I have no experience on molecular dynamics, I try to understand what you do
for each atom
for each complex
if ( distance(atom, complex) is greater or equal to threahsold ) then
compute potential taking the charge of the Complex
else
compute the distance between the atom and the strand
endif
endfor
endfor
this is O(N^2) method and you need to load (x,y,z) coordinate of atom and complex for each potential computation.
If this is the picture, then I would suggest that
use shared memory to store a block of atoms, and a part of complexes,
__shared__ point atom[BLOCKS];
__shared__ point partOfComplexes[BLOCKS];
for each subunit of complex block
step 1: load sub-block into "partOfComplexes"
synch.
step 2: compute potential for each complex in "partOfComplexes"

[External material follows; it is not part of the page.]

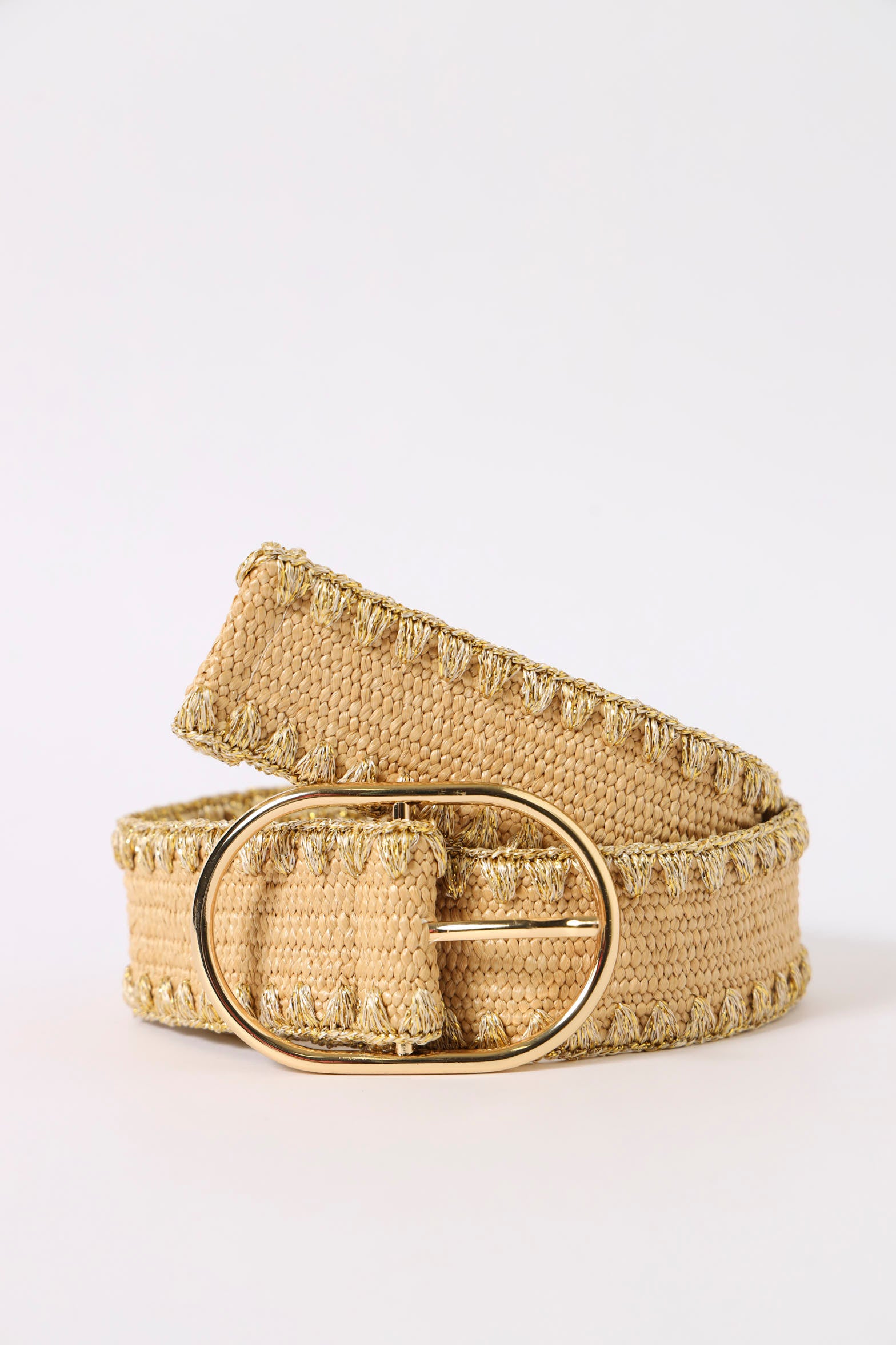 Woven from natural straw with charming whipstitched detailing, this belt brings effortless texture to any outfit. Perfect for adding a casual, summery vibe to dresses, linen pants, or oversized shirts. The neutral tone pairs with virtually everything in your wardrobe, making it a versatile accessory that works from beach days to weekend brunches. Lightweight and comfortable, it's the kind of belt that makes you feel put-together without trying too hard.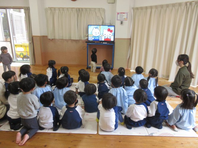 2026年4月23日 お知らせ今日は避難訓練を行いました。年度初めの4月ということもあり、ホールに集まり『命の大切さ』や『非常用ベルの音』をみんなで聞いた後、各クラス順番に地震についてのDVDを観ました。

for each complex in "partOfComplexes"
if ( distance(atom, complex) is greater or equal to threahsold ) then
compute potential taking the charge of the Complex
else
compute the distance between the atom and the strand
endif
end
this would save amount of global memory read/write.
when talking about coalesced pattern, I think that it is better to use x-array, y-array, and z-array to store coordinate
(not array of structure (x,y,z) ), then you would have colesced read for atom and complex.
as for branch, this is unavoided in your application.
In order to avoid problem of partition camping, I would suggest that each threads block deal with one partition of global memory.